Kendime geldiğimde Çeviri İspanyolca
211 parallel translation
Ve kendime geldiğimde Bayan Mina giyinmiş ve terasa çıkmıştı.
Cuando se me fue, la Srta. Mina estaba vestida y en la terraza.
Cesedi giyinme odasına koydular. Kendime geldiğimde giysilerini alıp arabasını çaldım.
Cuando recuperé el conocimiento, saqué un traje y robé su auto.
Bana bir taksi çarpmış, kendime geldiğimde bir eczanedeydim.
Fui arrollado por un taxi y llevado a una farmacia.
Kendime geldiğimde sanki bütün otel üstüme çökmüştü.
Cuando desperté todo el hotel estaba encima de mí.
ve ben kendime geldiğimde... cebimde bunu buldum.
Y cuando volví en mí, encontré esto en mi bolsillo.
Kendime geldiğimde bir kruvazördeydim ve ellerim yoktu.
Cuando recuperé el sentido, estaba en un crucero... y no tenía manos.
Kendime geldiğimde... Deli Odası'ndaydım.
Bueno, me desperté... en la Casa de los locos.
Ama kendime geldiğimde,
Pero cuando volví en mí,
Kendime geldiğimde, Milena'nın ortadan kaybolduğunu fark ettim.
Cuando recobré la conciencia, supe que Milena había desaparecido.
Kendime geldiğimde garip bir duyguya kapıldım.

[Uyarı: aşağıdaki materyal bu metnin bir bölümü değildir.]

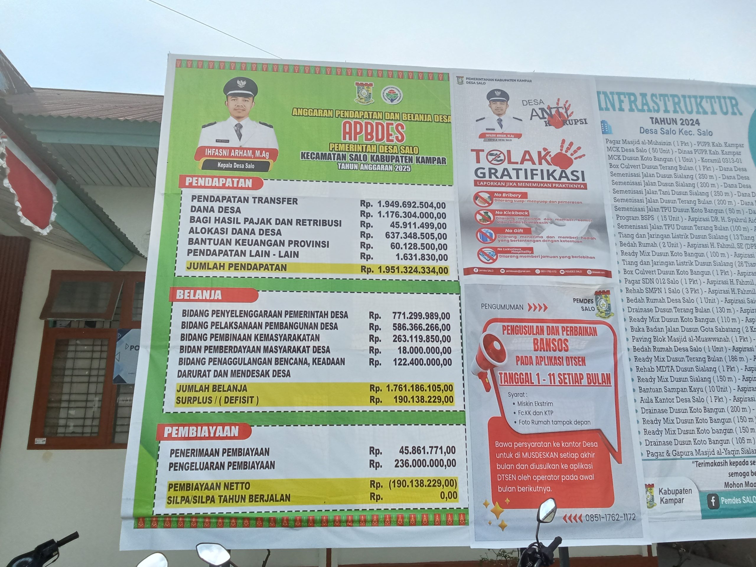 Kampar – Kepala Desa Salo, Kecamatan Salo, Kabupaten Kampar, Ihfazni Arham, M.Ag, kembali menunjukkan komitmennya terhadap keterbukaan informasi publik dengan menampilkan rincian Anggaran Pendapatan dan Belanja Desa (APBDes) Tahun 2025 secara terbuka melalui baliho besar di halaman kantor desa Salo.
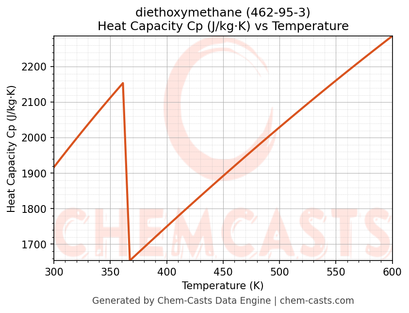 - Specific heat capacity (Cp) indicates the amount of energy required to raise the temperature of diethoxymethane and is critical for energy balance and heat-exchanger design.

He tenido una extraña sensaciòn al recuperar la conciencia.
Kendime geldiğimde, elimde bir silah vardı.
Al volver en mí, tenía un arma en la mano.
Kendime geldiğimde etraf aydınlıktı. Görünürde bir kara parçası yoktu.
Cuando me fui a dar cuenta, era de día y no veía tierra firme por ningún lado.
Haftalarca komada yattım. Kendime geldiğimde... Yalnızdım.
Estuve en coma por muchas semanas, y cuando desperté... estaba solo.
Kendime geldiğimde kocam ölmüştü.
Cuando recobré el sentido... estaba muerto.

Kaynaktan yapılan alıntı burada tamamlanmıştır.